9.4 Ergebnisse Dieses Kapitel ist wie folgt gegliedert. In Kapitel 9.4.1 werden die Ergebnisse der Urteilsgenauigkeit der sprachlichen Fähigkeiten (Teilstudie C1) zu zwei Testzeitpunkten (T1 und T2) dargestellt. Unterschiede zwischen den Sprachförderkräften (Teilstudie C2) werden in Kapitel 9.4.2 beschrieben. Inwieweit die Sprachförderkräfte den Förderbedarf der Kinder mit DaZ adäquat einschätzen (Teilstudie C3), wird in Kapitel 9.4.3 dargestellt. Anhand eines Fallbeispiels werden die freie Beschreibung der sprachlichen Fähigkeiten in den Interviews und die Dokumentation der sprachlichen Fähigkeiten analysiert (Teilstudie C4, s. Kap. 9.4.4).

9.4.1 Urteilsgenauigkeit sprachlicher Fähigkeiten Die Urteilsgenauigkeit der sprachlichen Fähigkeiten wurde zu zwei Testzeitpunkten (T1 und T2) untersucht. Die Darstellung der Ergebnisse erfolgt einzeln für jeden Untertest. Je Untertest werden die Ergebnisse der berechneten Komponenten (z.B. Korrelationskomponente) je Testzeitpunkt genannt. Zunächst werden die Ergebnisse aus den produktiven Untertests (Wortschatz und elizitierte Sprachproduktion für die Entwicklungsstufen-Satzklammer), dann die Ergebnisse aus den Sprachverständnis-Untertests (Verbbedeutung, W-Fragen und Negation) präsentiert.

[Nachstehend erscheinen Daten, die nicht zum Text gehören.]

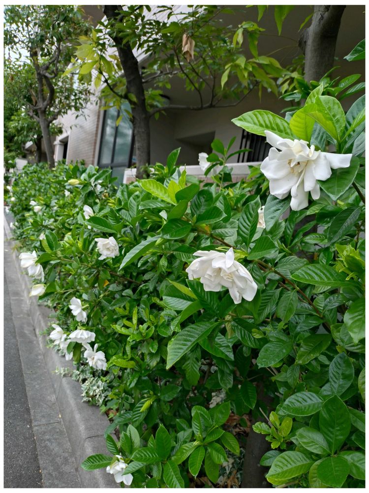 何度か通ったことのある道なのに クチナシの生垣とは花が咲くまで気が付きませんでした😅
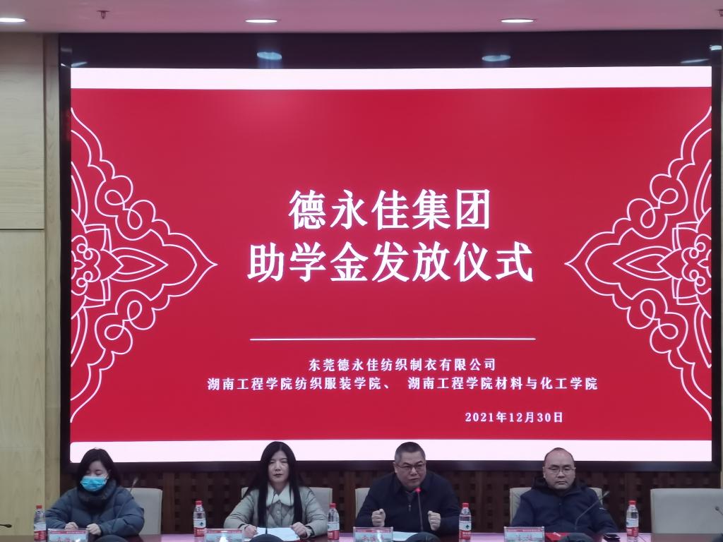 2021年12月30日,BWIN必赢德永佳集团(东莞)有限公司助学金颁发仪式在图书馆二报告厅隆重举行。员工办副主任李儒峰、材料与化工公司党总支副书记陈镇、公司党总支副书记罗荃、资助专干袁微微老师出席了本次仪式,受资助员工以及100余名纺织工程专业员工参加了仪式。本次颁发放仪式由公司党总支副书记罗荃主持。

Sowohl die Urteile der Sprachförderkräfte als auch die Ergebnisse der Sprachstandserhebung sind in Bezug auf den Wortschatz normalverteilt (Kolmogoriv-Smirnov-Z = ,831 und ,675 p = ,495 und ,752). Die Urteile der Sprachförderkräfte und die Ergebnisse der Untertests aus LiSe-DaZ sind nicht normalverteilt. Für den Wortschatz wurden deshalb parametrische, für alle anderen Bereiche nichtparametrische statistische Prüfungen verwendet. Sprachproduktion: Wortschatz zu T1 Die deskriptive Statistik für den Wortschatz ist in Tab. 18 dargestellt. Die hier angegebenen Werte basieren auf den Items, die für die Erfassung der Urteilsgenauigkeit herangezogen wurden (33 der 75 Items des AWST-R). Mittelwert und Standardabweichung der Urteile der Sprachförderkräfte (im Folgenden

Ergebnisse | 199

SFK-Urteil) sind etwas höher im Vergleich zu den Ergebnissen des AWST-R (Kiesel-Himmel 2005). Tab. 18: Deskriptive Statistik der SFK-Urteile und der Sprachstandserhebung: Wortschatz T1

Mittelwert (M) Standardabweichung (SD) Min. Max.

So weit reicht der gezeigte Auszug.